Yakima and the state of Washington are on opposing sides in a U.S. Supreme Court case seeking to define “one person, one vote.” The state Attorney General’s Office has joined 20 other states in filing a friend-of-the-court brief opposing the plaintiffs in Evenwel v. Abbott, a Texas redistricting case that could in effect overturn Yakima’s new district-based council election system. Yakima previously filed a brief in support of the plaintiffs, who are seeking to require state legislative districts be drawn by eligible voter population and not total population, as is currently the practice in all 50 states. The brief filed by the 21 states in opposition to Evenwel says requiring states to redistrict based on eligible voters would disrupt their “long reliance on well-settled redistricting practices,” adding that states lack any “reliable, administrable method” to carry out such a process.

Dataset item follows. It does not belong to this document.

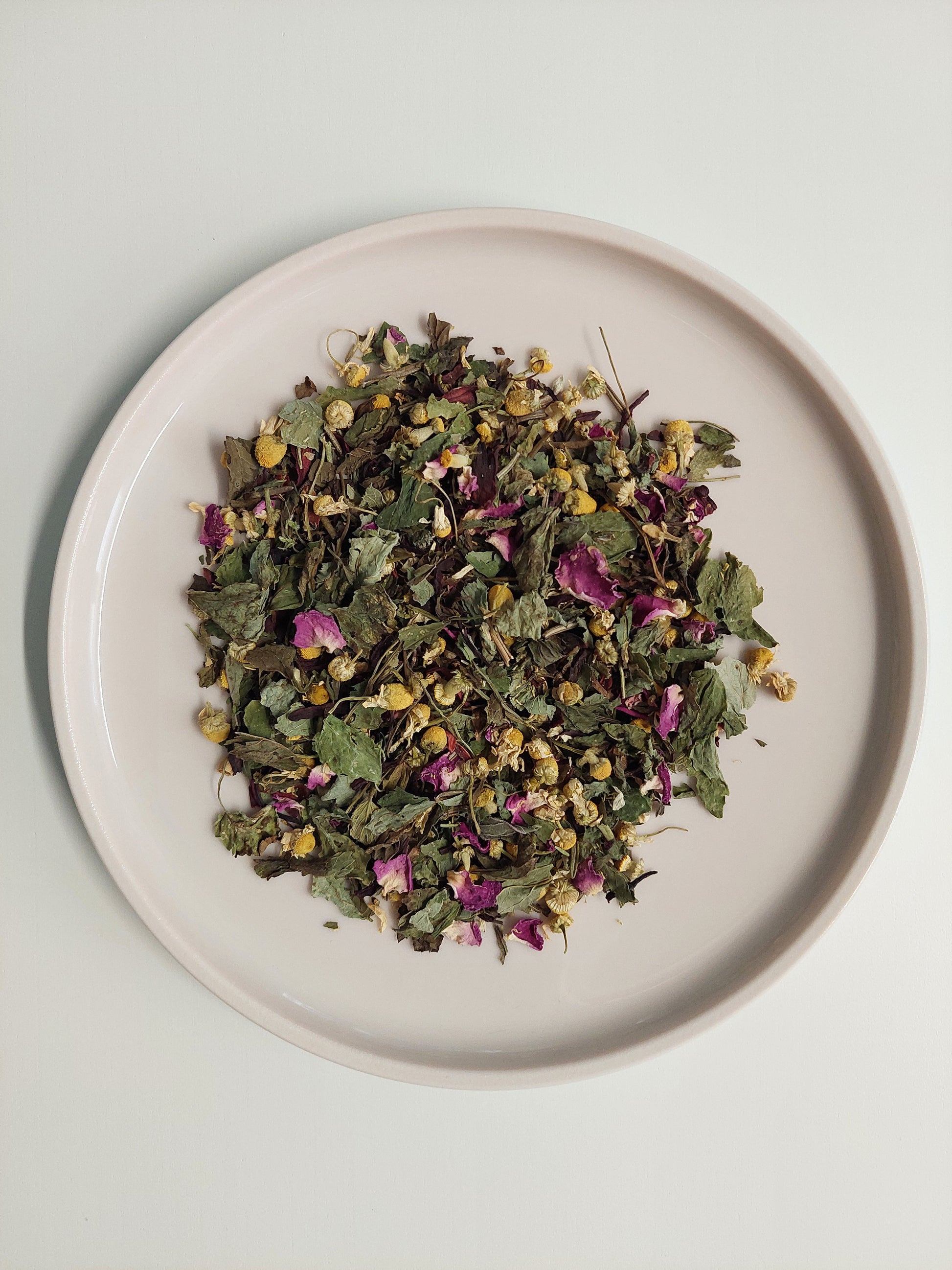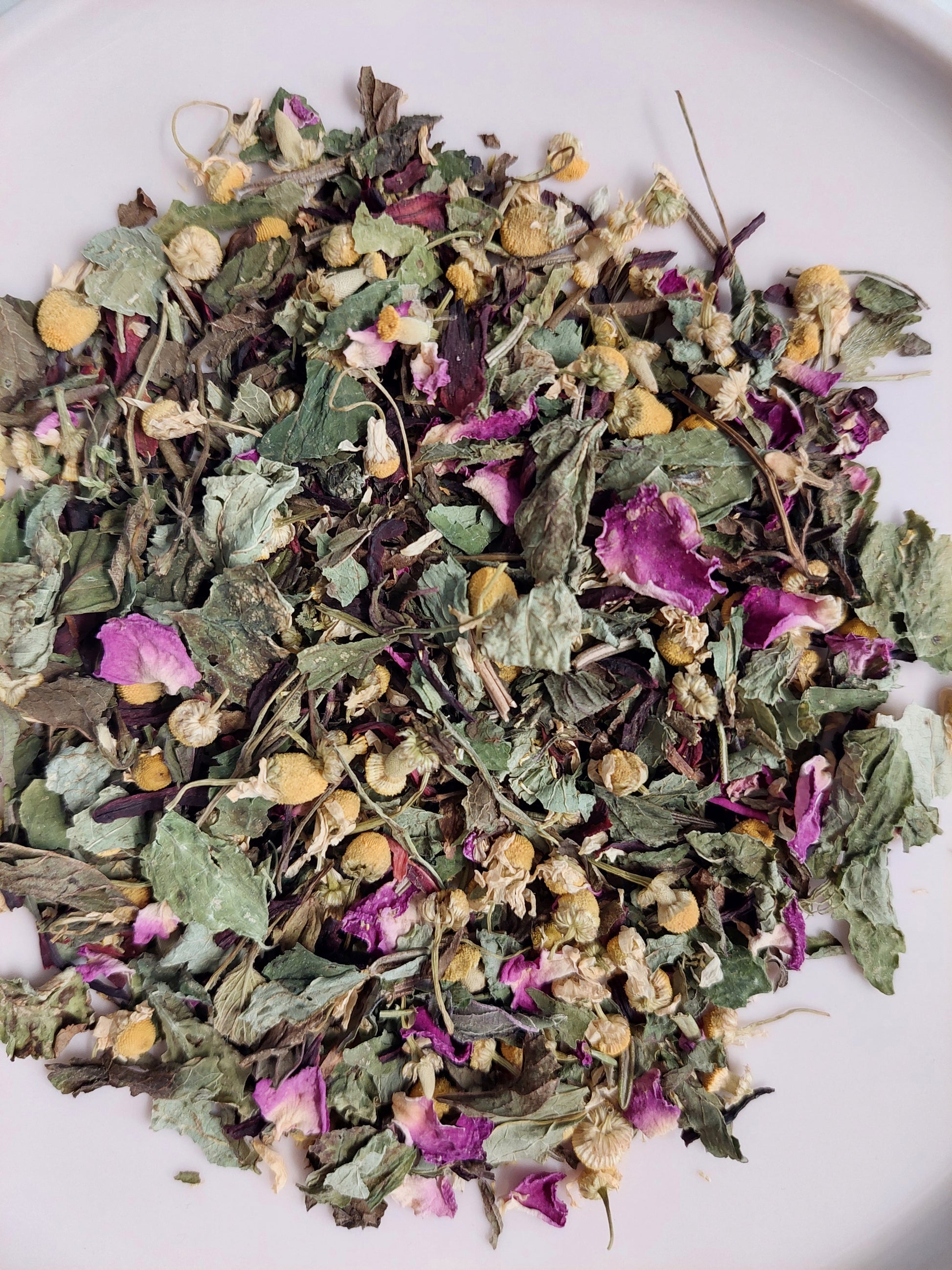 Enthält: Kamillenblüten, Melissenblätter, Rosmarinblätter, Pfefferminzblätter, Rosenblüten, Hibiskusblüten
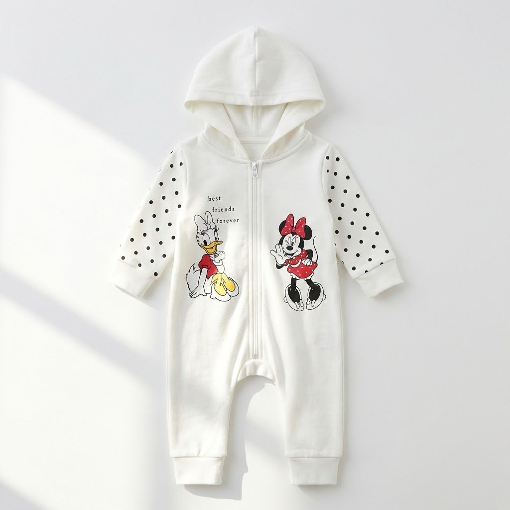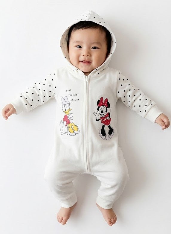 رومبر أطفال قطني باللون الأبيض مع غطاء للرأس - تصميم "ميني ماوس" و"ديزي داك"

“If adopted by this court, appellants’ position would throw state redistricting across the country into chaos, replacing current, administrable practices with a standard that is ill-defined in theory and unworkable in practice,” the 63-page brief, filed Sept. 25, says.
That’s due in part to the fact that the U.S. Census doesn’t collect data on citizenship, an important metric in determining eligible voters, and estimates of those populations can be incomplete and inaccurate, according to the brief, which was authored by the state of New York.